When you write out the listing, keep every word as it stands and drop the pictures.

Data –

··········

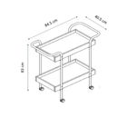 Carro auxiliar Bertolini modelo: 1284. Este maravilloso carro auxiliar tiene un extraordinario y moderno diseño; está pensado y fabricado para ser tu aliado al momento de consentir a tus invitados y hacerte ver como el mejor anfitrión de ese día. La combinación del MDP en las charolas y el Acero en su estructura, hacen este mueble ligero, pero de gran calidad. Tiene dos prácticas charolas, una en la parte superior; ideal para colocar vasos, botana, platos, etc. Y la segunda en la parte inferior; ideal para colocar botellas, hielera y demás aditamentos de gran tamaño. Tiene un acabado en pintura UV de alta resistencia, calidad y duración, lo cual lo hace un mueble más resistente a los pequeños arañazos y rayaduras del uso diario (no resiste daños graves ocasionados por objetos puntiagudos o punzocortantes) Disfruta de su diseño, practicidad y, sobre todo, combínalo con los demás muebles que Bertolini tiene para ti.
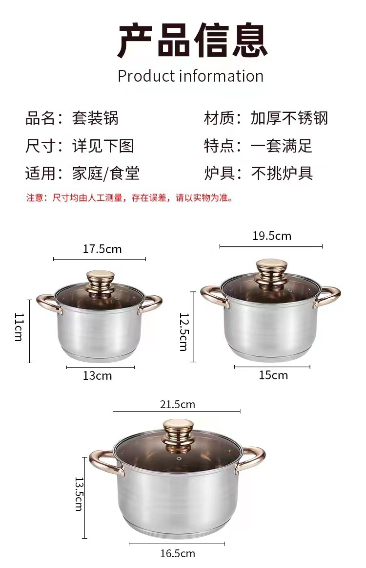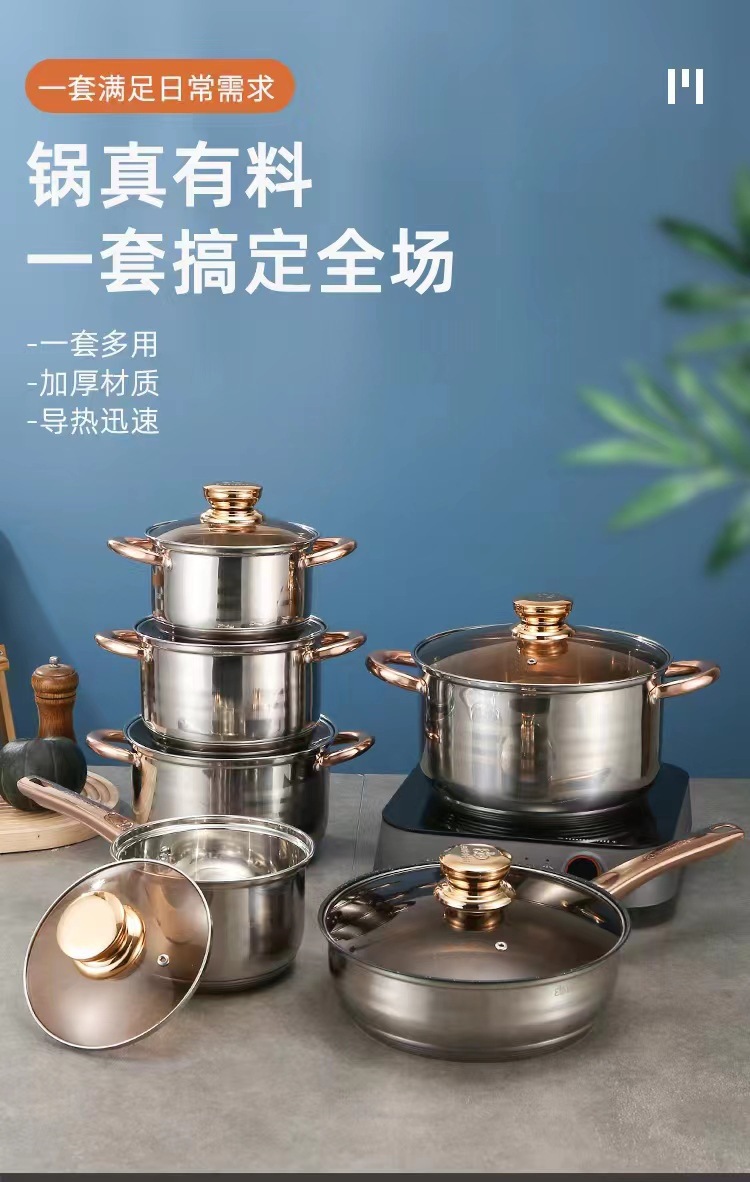 식품 등급 스테인리스 냄비 세트, 두꺼운 주방용 가정용 및 상업용 조리기구, 깊은 냄비, 논스틱 냄비, 해외배송
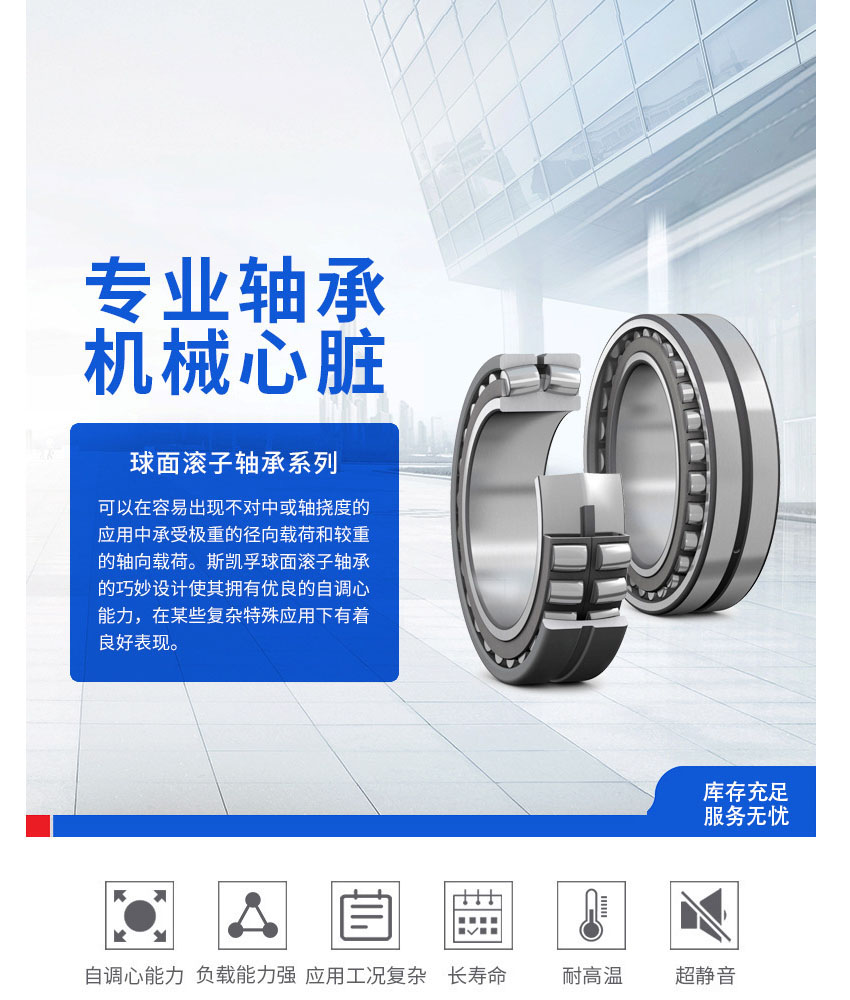 SKF球面滾子軸承的滾子的制造極為嚴格的公差尺寸和形式。每個輥子在集合中的其它輥的尺寸和形狀幾乎是相同的。優化負荷分布輥軸承的使用壽命。
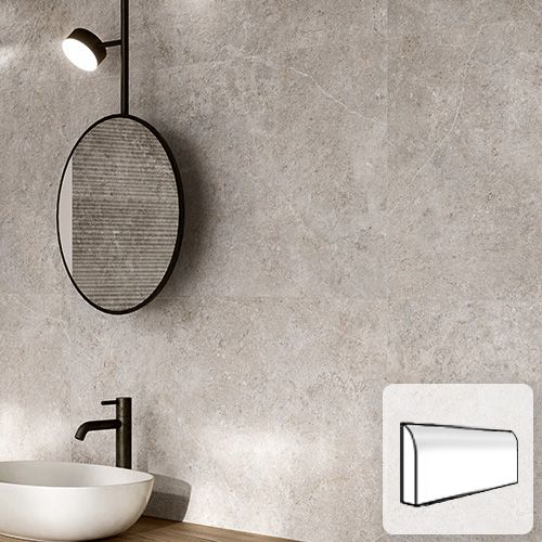 Fliserne fås som alm. flise, storformatflise og som sokkelflise med afrundet overkant.

··········

Exercise solution –
 Carro auxiliar Bertolini modelo: 1284. Este maravilloso carro auxiliar tiene un extraordinario y moderno diseño; está pensado y fabricado para ser tu aliado al momento de consentir a tus invitados y hacerte ver como el mejor anfitrión de ese día. La combinación del MDP en las charolas y el Acero en su estructura, hacen este mueble ligero, pero de gran calidad. Tiene dos prácticas charolas, una en la parte superior; ideal para colocar vasos, botana, platos, etc. Y la segunda en la parte inferior; ideal para colocar botellas, hielera y demás aditamentos de gran tamaño. Tiene un acabado en pintura UV de alta resistencia, calidad y duración, lo cual lo hace un mueble más resistente a los pequeños arañazos y rayaduras del uso diario (no resiste daños graves ocasionados por objetos puntiagudos o punzocortantes) Disfruta de su diseño, practicidad y, sobre todo, combínalo con los demás muebles que Bertolini tiene para ti.
 식품 등급 스테인리스 냄비 세트, 두꺼운 주방용 가정용 및 상업용 조리기구, 깊은 냄비, 논스틱 냄비, 해외배송
 SKF球面滾子軸承的滾子的制造極為嚴格的公差尺寸和形式。每個輥子在集合中的其它輥的尺寸和形狀幾乎是相同的。優化負荷分布輥軸承的使用壽命。
 Fliserne fås som alm. flise, storformatflise og som sokkelflise med afrundet overkant.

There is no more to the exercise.